Krista Vernoff is a very busy woman. She's the showrunner of both Grey's Anatomy and Station 19, as well as a wife and mother. Yet last year she decided to add a third show to her plate, the Katey Sagal-starring dramedy Rebel. When asked what about the show inspired her to take on a third series to run, Vernoff's answer was simple. It was the show's inspiration for existing in the first place: Erin Brockovich

"I mean, you meet Erin Brockovich and she just changes your DNA," Vernoff told TV Guide ahead of Thursday's series premiere. "I walked in thinking, I'll supervise somebody on this because I love Erin Brockovich, the movie,' and I walked out, knowing I absolutely had to write this myself because I loved her and I understood her. We just talked for hours, and I knew I had to do it." 

While most people are familiar with the Brockovich biopic that won Julia Roberts an Oscar in 2001, Rebel is inspired by Brockovich's current life after several big wins. She's barging into corporate dinners and big lawyer conference rooms rather than trying to get her foot in the door. 

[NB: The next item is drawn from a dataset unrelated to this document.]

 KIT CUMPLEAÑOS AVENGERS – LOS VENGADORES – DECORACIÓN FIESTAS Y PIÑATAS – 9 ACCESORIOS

"That is such a different world than when she was 30 and barely could afford childcare, barely could keep a roof over her head and was struggling, and fighting, and working 100 hours a week to try to break this case," Vernoff explained. "We all saw that movie. Now, she's closing in on 60 and famous. When she lends her name to a situation, an injustice, it tends to get more attention. It's just such a different life. The show is very different from the movie, and that happens easily and organically." 

Katey Sagal, Rebel

Katey Sagal, Rebel

ABC

Brockovich is also an executive producer on the series, but Rebel is not strictly about her life. Sagal plays the show's titular legal advocate, Annie "Rebel" Bello, who, like Brockovich, specializes in class-action lawsuits against corporations that have wronged their customers. When it came to someone who could embody a character with Rebel's fortitude and have fun with the messier sides of the character, Vernoff says Sagal was a perfect choice. 

"Katey was born to play this role. Katey has such a powerful resume of both comedy and drama, and this show is very animated sometimes, and very dramatic sometimes. It takes a certain caliber of talent to thread that needle, and Katey just brings all of it. She's amazing," the producer said. 

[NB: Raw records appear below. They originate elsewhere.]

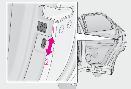 Locks all the doorsUnlocks all the doorsINSIDE LOCK BUTTONS (TO LOCK)Push down the inside lock button to lock the door.
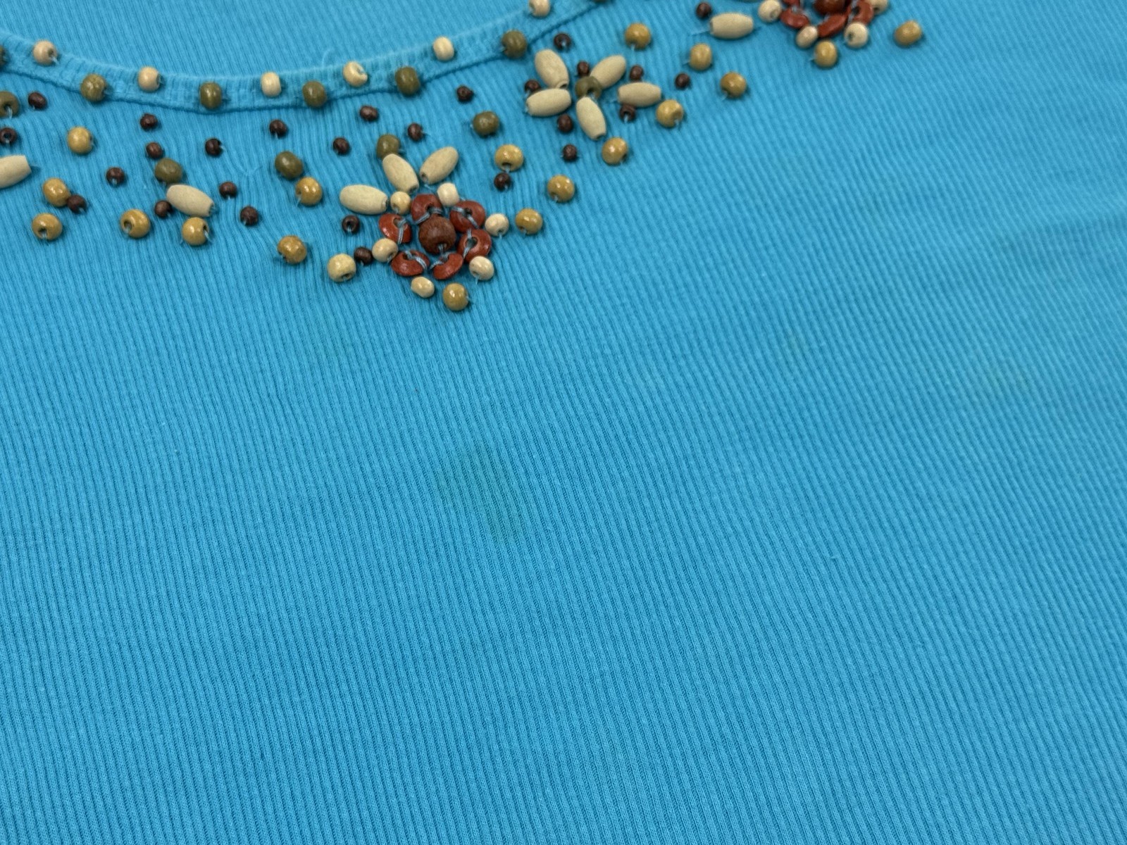 Design/features: Short-sleeve scoop neck shirt with ribbed knit body and embellished floral neckline; mixed wooden/resin beads in tan, brown, and green; pullover style; plus size fit
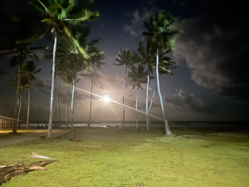 A lot of our days end up with a great sunset on the beach, and a few of them with a great moonrise from another beach.
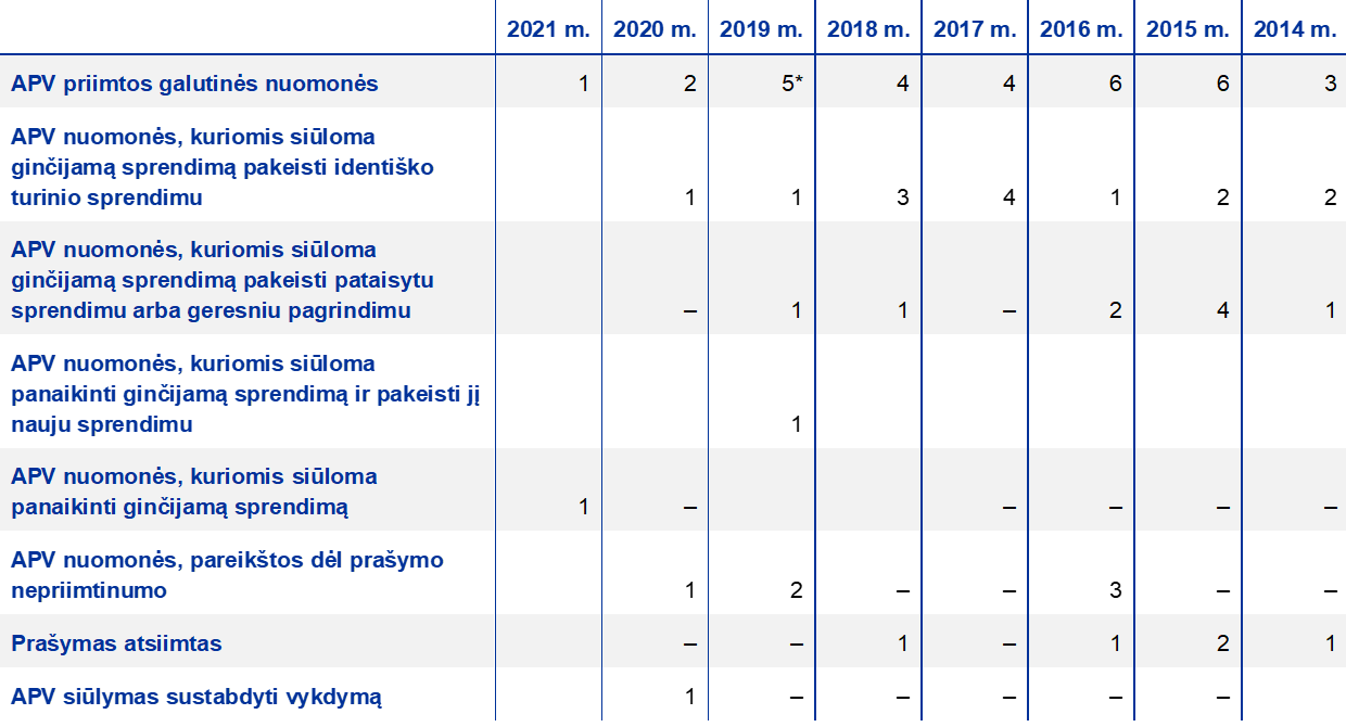 - Šie sprendimai reiškia sprendimus, kurie buvo galutinai priimti arba priimti per ataskaitinį laikotarpį (t. y. ankstesni sprendimai). Priežiūros sprendimų skaičius neatitinka leidimų suteikimo procedūrų, apie kurias per ataskaitinį laikotarpį buvo oficialiai pranešta ECB, skaičiaus (t. y. gaunamų pranešimų procedūros).
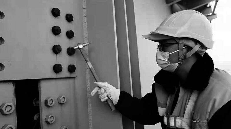 “在漆黑空旷的箱梁桥内,检查锤就相当于我们的‘听诊器’,通过敲击检查梁体螺栓是否有松动、脱落、开裂,有无危及上方的铁路线路安全。”借着头灯的光亮,张晋刚带着职工检查洞内支座设备情况,由于桥洞内环境潮湿,桥梁活动支座和螺栓经常被锈蚀,需要他们定期检查、除锈和更换锈蚀螺栓。

That balance is key when it comes to this show, because it's not just a comedy or drama, and Rebel isn't just a great advocate or a sarcastic mom. She contains multitudes. Just as she does with the characters on Grey's Anatomy and Station 19, Vernoff is excited to show off all of Rebel's dimensions -- and entertain people in the process. 

"She is a powerhouse female lead because she's an entire human being," Vernoff said of Sagal's character. "She's messy and funny and real, and always running running in six different directions, frequently disappointing people in her personal life because she's still busy with her work. [She] is failing in her third marriage because her romantic ticker is broken. She has three kids with three different husbands, and there's a messiness in all of that."

"She is by no stretch of the imagination like a perfect superhero, and because of that she's even more of a superhero to me in all that she accomplishes," Vernoff continued. "[The show] falls right into that Thursday night TGIT energy in that it focuses on a powerhouse female lead. It's funny and dramatic, which both of those other shows are. It's first and foremost entertaining, which the Shondaland shows are, absolutely." 

Rebel premieres Thursday, April 8 at 10/9c on ABC.